RECORDS TO USE:
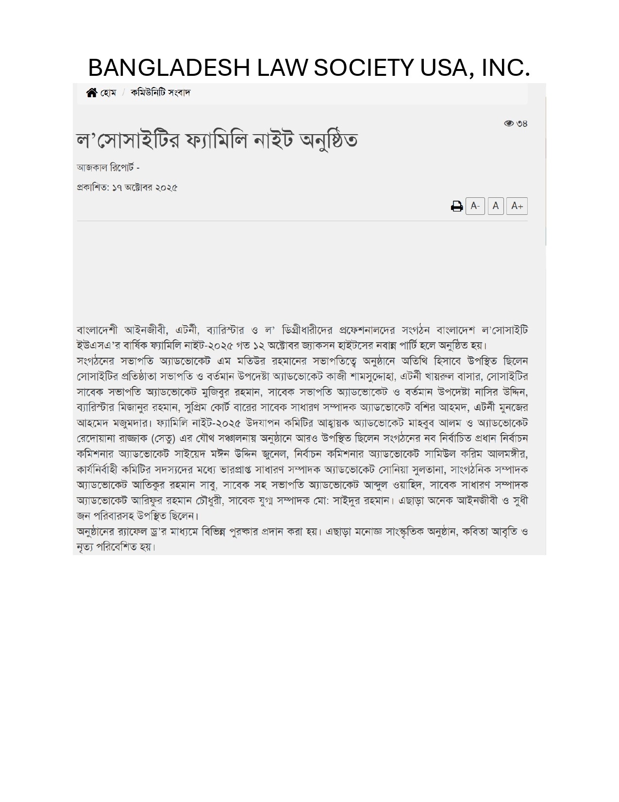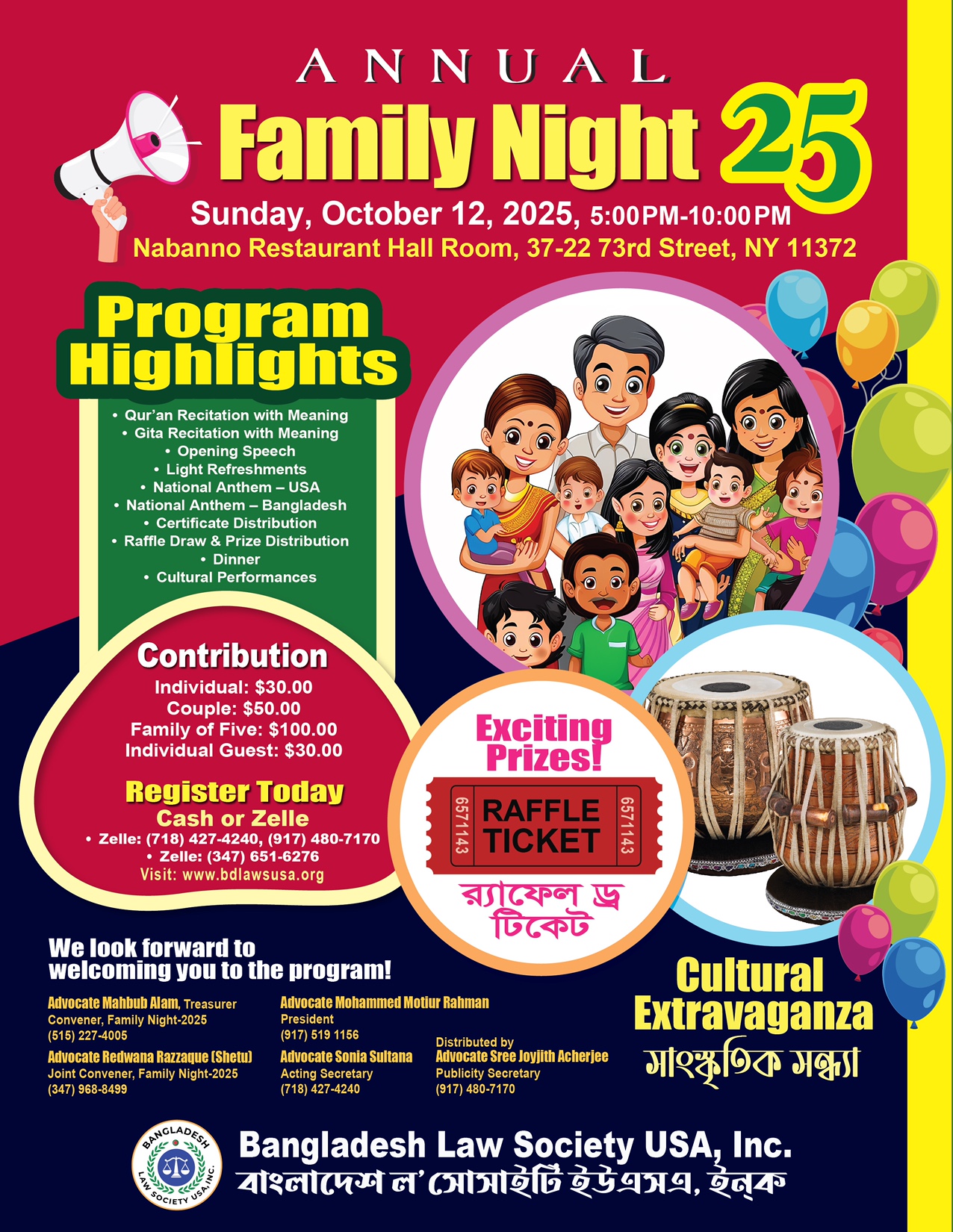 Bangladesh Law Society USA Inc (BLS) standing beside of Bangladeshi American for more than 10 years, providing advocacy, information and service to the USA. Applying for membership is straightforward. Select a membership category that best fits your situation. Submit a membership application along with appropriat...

---

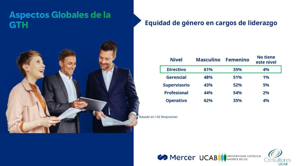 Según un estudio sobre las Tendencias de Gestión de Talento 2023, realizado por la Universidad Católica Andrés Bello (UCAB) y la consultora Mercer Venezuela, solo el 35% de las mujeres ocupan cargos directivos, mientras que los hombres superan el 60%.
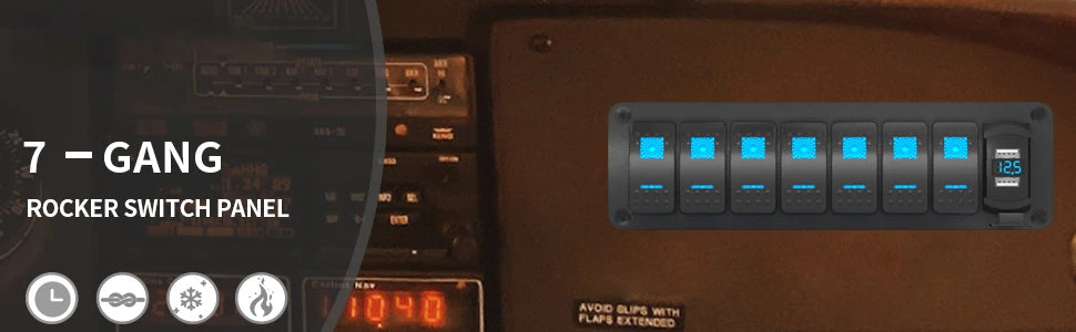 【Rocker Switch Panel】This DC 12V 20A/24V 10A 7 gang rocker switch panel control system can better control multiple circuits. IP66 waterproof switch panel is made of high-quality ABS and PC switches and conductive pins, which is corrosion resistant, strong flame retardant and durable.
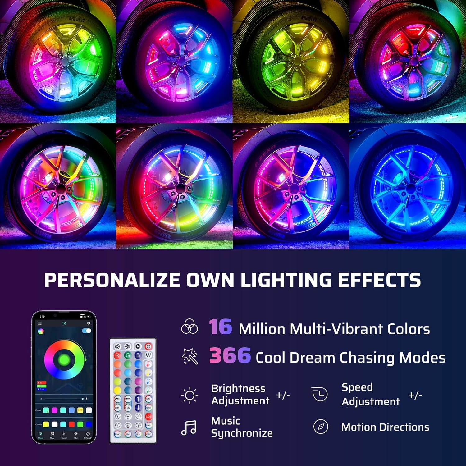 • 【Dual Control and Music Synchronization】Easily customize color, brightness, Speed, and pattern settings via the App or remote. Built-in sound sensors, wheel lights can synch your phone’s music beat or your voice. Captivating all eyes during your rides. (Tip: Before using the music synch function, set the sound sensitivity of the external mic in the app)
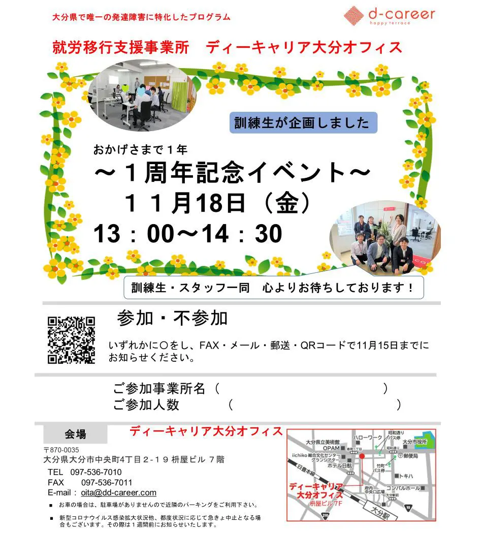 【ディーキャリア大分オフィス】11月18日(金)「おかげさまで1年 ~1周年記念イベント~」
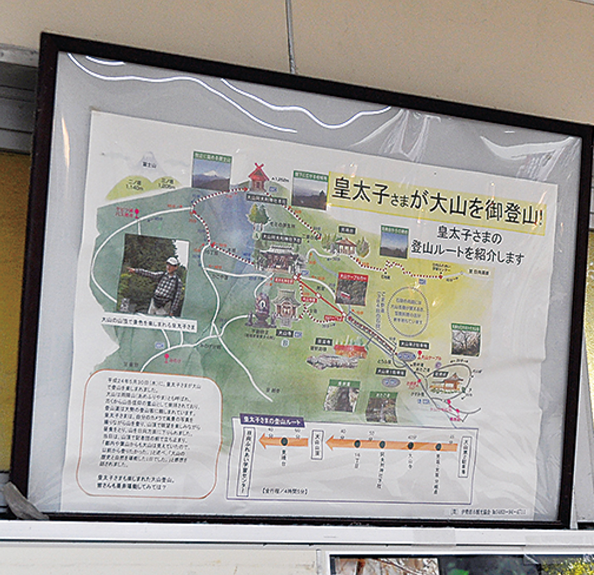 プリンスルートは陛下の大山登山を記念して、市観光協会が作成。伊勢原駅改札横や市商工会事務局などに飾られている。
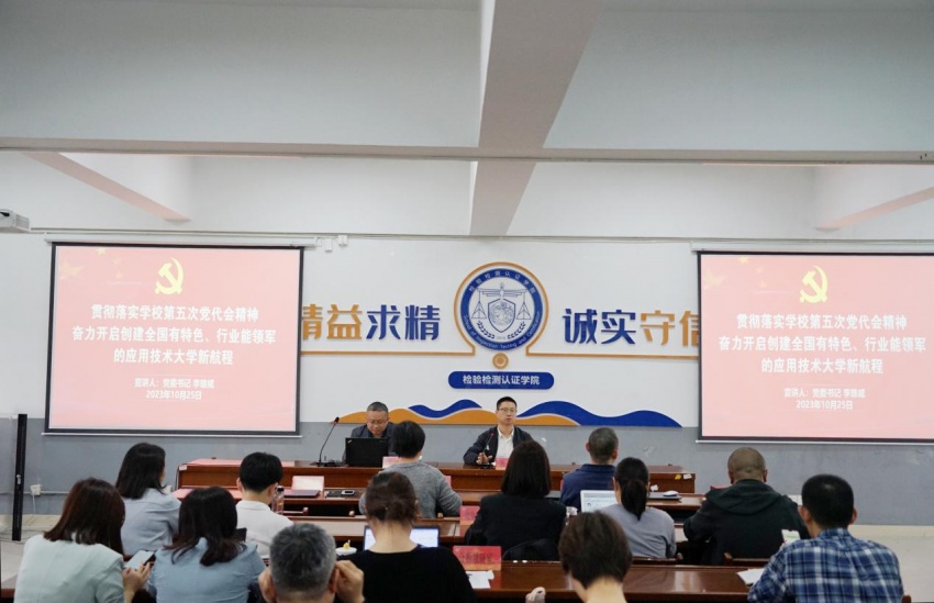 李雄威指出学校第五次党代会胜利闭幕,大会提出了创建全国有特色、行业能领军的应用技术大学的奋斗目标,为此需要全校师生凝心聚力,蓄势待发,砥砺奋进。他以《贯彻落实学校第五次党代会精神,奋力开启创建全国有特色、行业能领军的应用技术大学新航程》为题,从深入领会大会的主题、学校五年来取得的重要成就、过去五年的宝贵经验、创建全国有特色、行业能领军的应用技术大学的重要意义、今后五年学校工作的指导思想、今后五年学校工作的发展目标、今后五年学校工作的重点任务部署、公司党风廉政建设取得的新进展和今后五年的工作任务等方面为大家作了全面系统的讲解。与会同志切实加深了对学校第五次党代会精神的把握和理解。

WORK TASK: While skipping the pictures, transcribe the data above from the line showing "retardant and durable." through the line showing "プリンスルートは陛下の大山登", exactly and with both ends.

RESPONSE TO THE EXERCISE:
 【Rocker Switch Panel】This DC 12V 20A/24V 10A 7 gang rocker switch panel control system can better control multiple circuits. IP66 waterproof switch panel is made of high-quality ABS and PC switches and conductive pins, which is corrosion resistant, strong flame retardant and durable.
 • 【Dual Control and Music Synchronization】Easily customize color, brightness, Speed, and pattern settings via the App or remote. Built-in sound sensors, wheel lights can synch your phone’s music beat or your voice. Captivating all eyes during your rides. (Tip: Before using the music synch function, set the sound sensitivity of the external mic in the app)
 【ディーキャリア大分オフィス】11月18日(金)「おかげさまで1年 ~1周年記念イベント~」
 プリンスルートは陛下の大山登山を記念して、市観光協会が作成。伊勢原駅改札横や市商工会事務局などに飾られている。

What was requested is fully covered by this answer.